* **Supplied material**
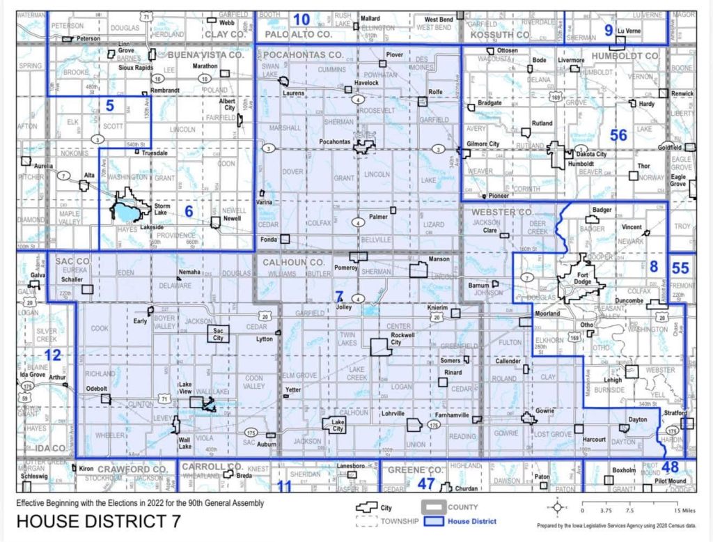 Iowa House District 7 includes Calhoun, Pocahontas, and Sac Counties and part of Webster County.
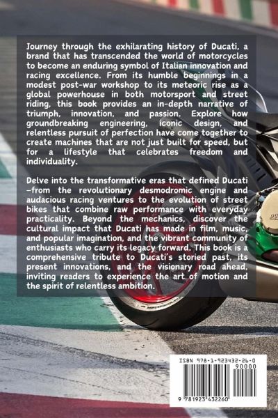 Journey through the exhilarating history of Ducati, a brand that has transcended the world of motorcycles to become an enduring symbol of Italian innovation and racing excellence. From its humble beginnings in a modest post-war workshop to its meteoric rise as a global powerhouse in both motorsport and street riding, this book provides an in-depth narrative of triumph, innovation, and passion. Explore how groundbreaking engineering, iconic design, and relentless pursuit of perfection have come together to create machines that are not just built for speed, but for a lifestyle that celebrates freedom and individuality. Delve into the transformative eras that defined Ducati-from the revolutionary desmodromic engine and audacious racing ventures to the evolution of street bikes that combine raw performance with everyday practicality. Beyond the mechanics, discover the cultural impact that Ducati has made in film, music, and popular imagination, and the vibrant community of enthusiasts who carry its legacy forward. This book is a comprehensive tribute to Ducati's storied past, its present innovations, and the visionary road ahead, inviting readers to experience the art of motion and the spirit of relentless ambition.
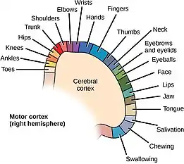 {{cite journal}}: CS1 maint: multiple names: authors list (link) - Meier, J.D., Aflalo, T.N., Kastner, S. and Graziano, M.S.A. (2008). "Complex organization of human primary motor cortex: A high-resolution fMRI study". J. Neurophysiol. 100 (4): 1800–1812. doi:10.1152/jn.90531.2008. PMC 2576195. PMID 18684903.
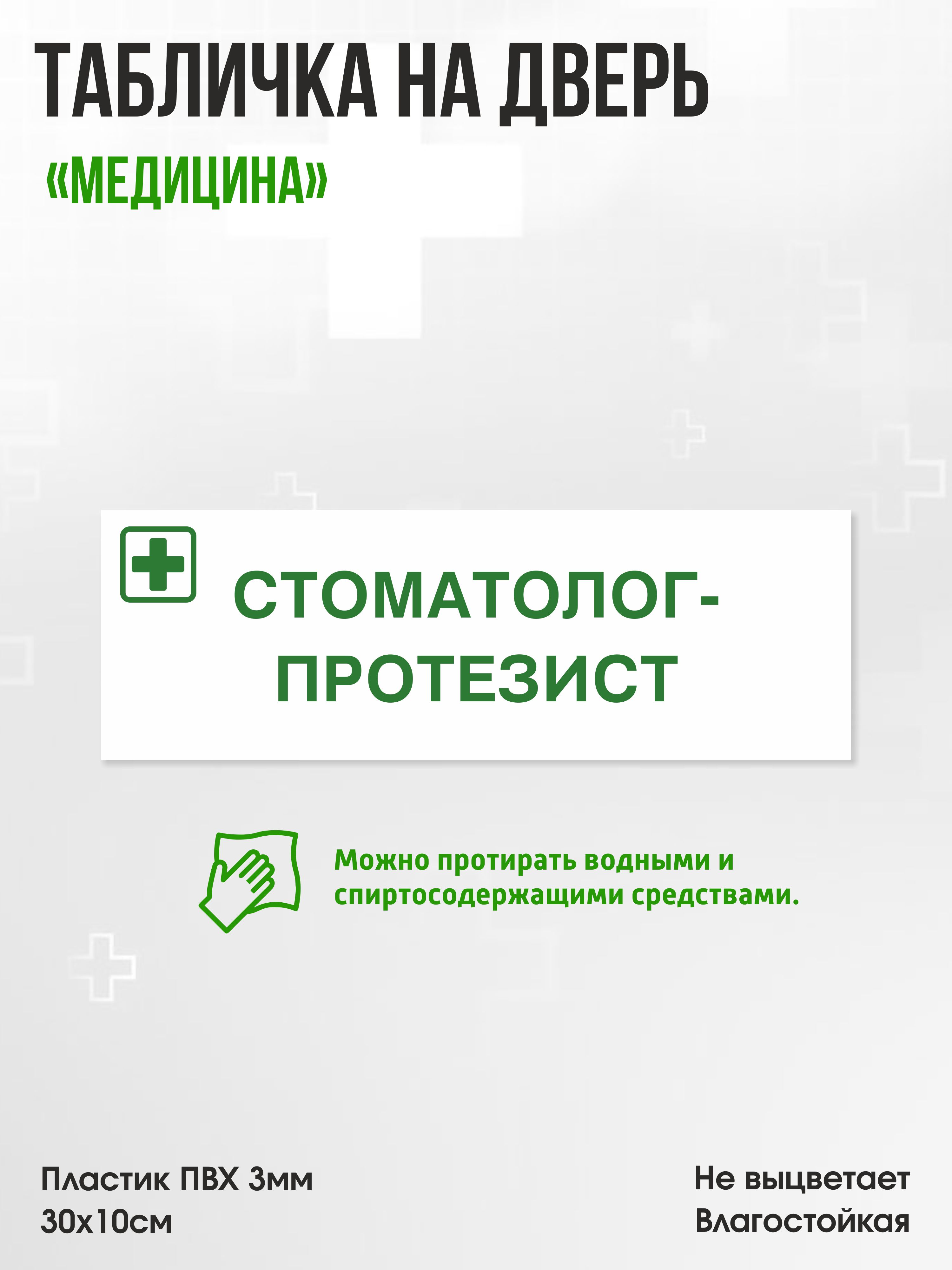 Табличка Стоматолог-протезист, белая, 30х10см, ПВХ пластик, на дверь, для медицинской клиники или больницы

* **Exercise requirements**
The answer is the full listing above, repeated exactly, with its pictures removed.

* **Solution for this exercise**
 Iowa House District 7 includes Calhoun, Pocahontas, and Sac Counties and part of Webster County.
 Journey through the exhilarating history of Ducati, a brand that has transcended the world of motorcycles to become an enduring symbol of Italian innovation and racing excellence. From its humble beginnings in a modest post-war workshop to its meteoric rise as a global powerhouse in both motorsport and street riding, this book provides an in-depth narrative of triumph, innovation, and passion. Explore how groundbreaking engineering, iconic design, and relentless pursuit of perfection have come together to create machines that are not just built for speed, but for a lifestyle that celebrates freedom and individuality. Delve into the transformative eras that defined Ducati-from the revolutionary desmodromic engine and audacious racing ventures to the evolution of street bikes that combine raw performance with everyday practicality. Beyond the mechanics, discover the cultural impact that Ducati has made in film, music, and popular imagination, and the vibrant community of enthusiasts who carry its legacy forward. This book is a comprehensive tribute to Ducati's storied past, its present innovations, and the visionary road ahead, inviting readers to experience the art of motion and the spirit of relentless ambition.
 {{cite journal}}: CS1 maint: multiple names: authors list (link) - Meier, J.D., Aflalo, T.N., Kastner, S. and Graziano, M.S.A. (2008). "Complex organization of human primary motor cortex: A high-resolution fMRI study". J. Neurophysiol. 100 (4): 1800–1812. doi:10.1152/jn.90531.2008. PMC 2576195. PMID 18684903.
 Табличка Стоматолог-протезист, белая, 30х10см, ПВХ пластик, на дверь, для медицинской клиники или больницы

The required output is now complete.